Secretary of Education Betsy DeVos has rescinded Obama-era guidance on addressing accusations of sexual misconduct on campus that essentially set up kangaroo courts where the due process rights of the accused were eliminated.

But at least a dozen college administrators are defying DeVos and saying, in effect, "We like our kangaroo courts just fine." As an editorial in the Wall Street Journal this morning notes, these administrators are embracing a system that does not weigh evidence with an eye to ascertaining guilt or innocence and doesn't allow the accused to defend himself.

The editors observe:

It’s revealing that several campuses have responded with animus. But administrators don’t get to pick and choose which Department of Education guidance to follow, and schools in violation could lose federal funding or face Office of Civil Rights scrutiny.

Some recalcitrant universities are easy targets for Department of Education sanction. For instance, the University of Oregon insists that it already fairly and impartially adjudicates Title IX cases, so Mrs. DeVos’s guidance should have “very little, if any, impact on our current policies and procedures.”

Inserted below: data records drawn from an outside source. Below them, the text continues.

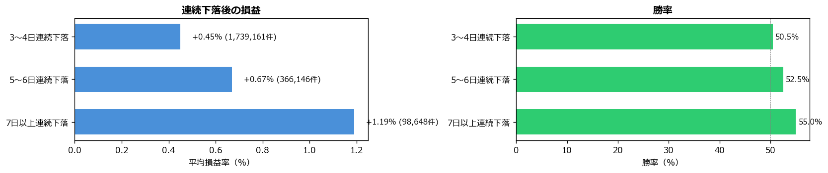 | 5〜6日連続下落 | 366,146件 | 52.5% | +0.67% | 1.304 |
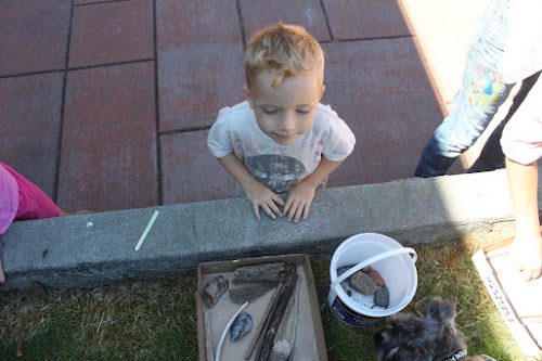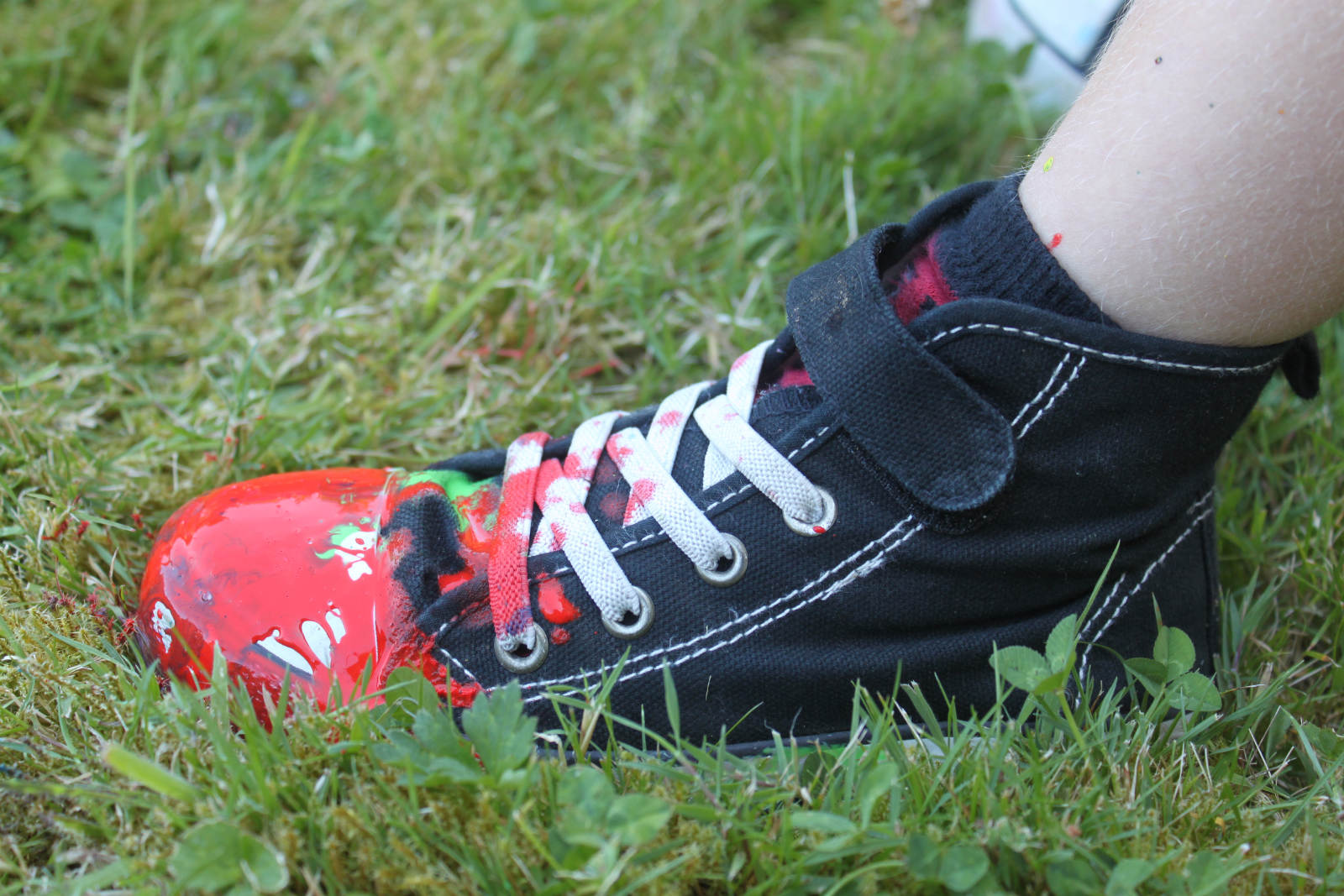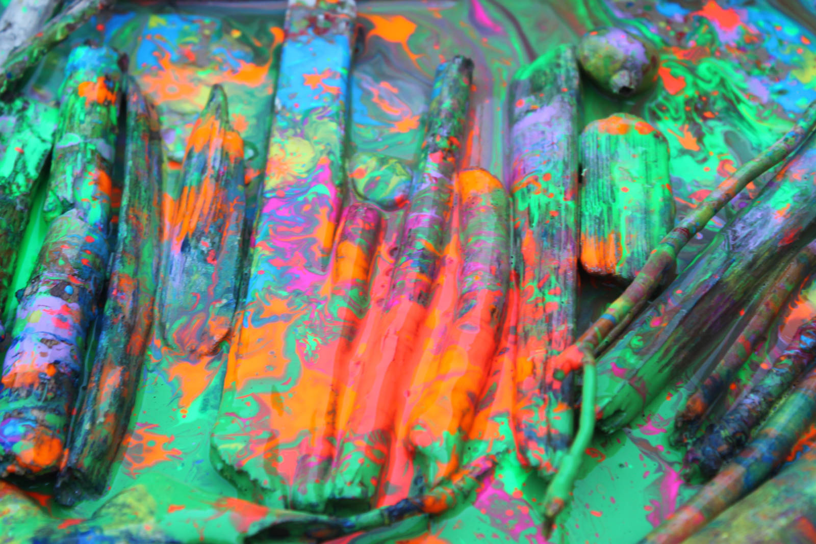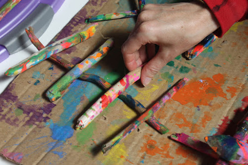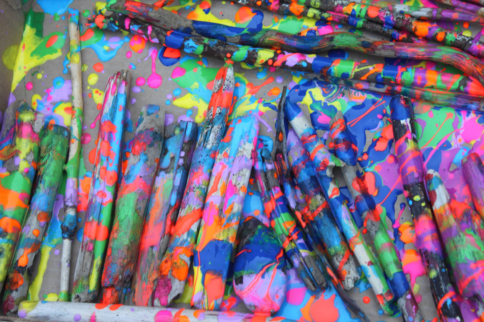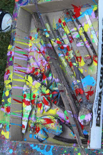 Splatter paint some sticks. Get a glue gun, and presto! Really cool artifacts.
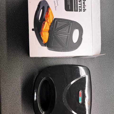 Cuisine toastjern med utskiftbare plater for vafler og smørbrød. 3 forskjellige stekeplater der kun ett av dem har sett nevneverdig bruk.
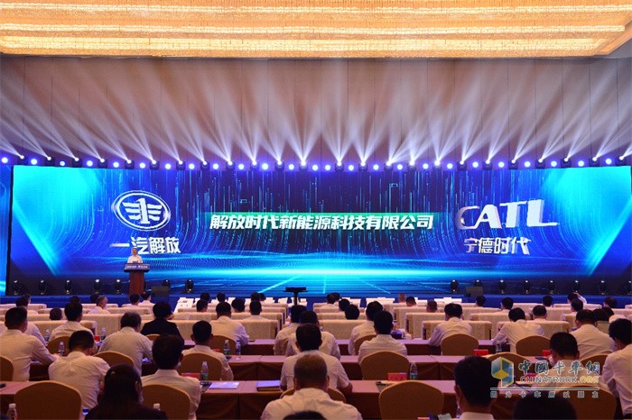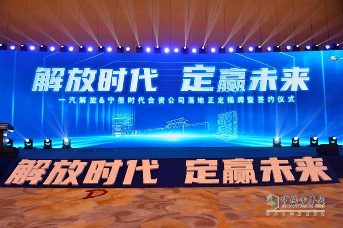 活動最后,一汽解放總經(jīng)理、黨委副書記吳碧磊與寧德時代商用事業(yè)部總裁韓偉共同為解放時代新能源科技有限公司揭牌。

But last December the Lane County Circuit Court overturned the university’s suspension of a student accused of sexual assault. That student is now also suing in federal court in Eugene, saying the university denied him due process and took “arbitrary, discriminatory and illegal actions designed to reach a predetermined action” against him.

Kathleen Salvaty, the administrator who presides over Title IX adjudication across all nine University of California campuses, says the system-wide practices “will remain in full effect.” She also claims the university’s Title IX policy already requires “equal rights for complainants and respondents.”

But this past summer, a federal judge in central California acknowledged plausible concerns that the university may have acted with gender bias and denied due process to an accused male student. Allowing the case against the UC Regents to proceed, Judge Stephen Wilson wrote that the unnamed student’s complaint “depicts the disciplinary proceedings as one-sided and against the weight of significant evidence” and “cast doubt on the accuracy of the outcome of the disciplinary proceedings.”

Rape is a heinous crime and we want rapists punished to the utmost extent of the law, but we do not want to see innocent people unable to mount a defense. The number of convictions overturned in real courts indicates that this has happened all too often. Overturned convictions are expensive for colleges and universities.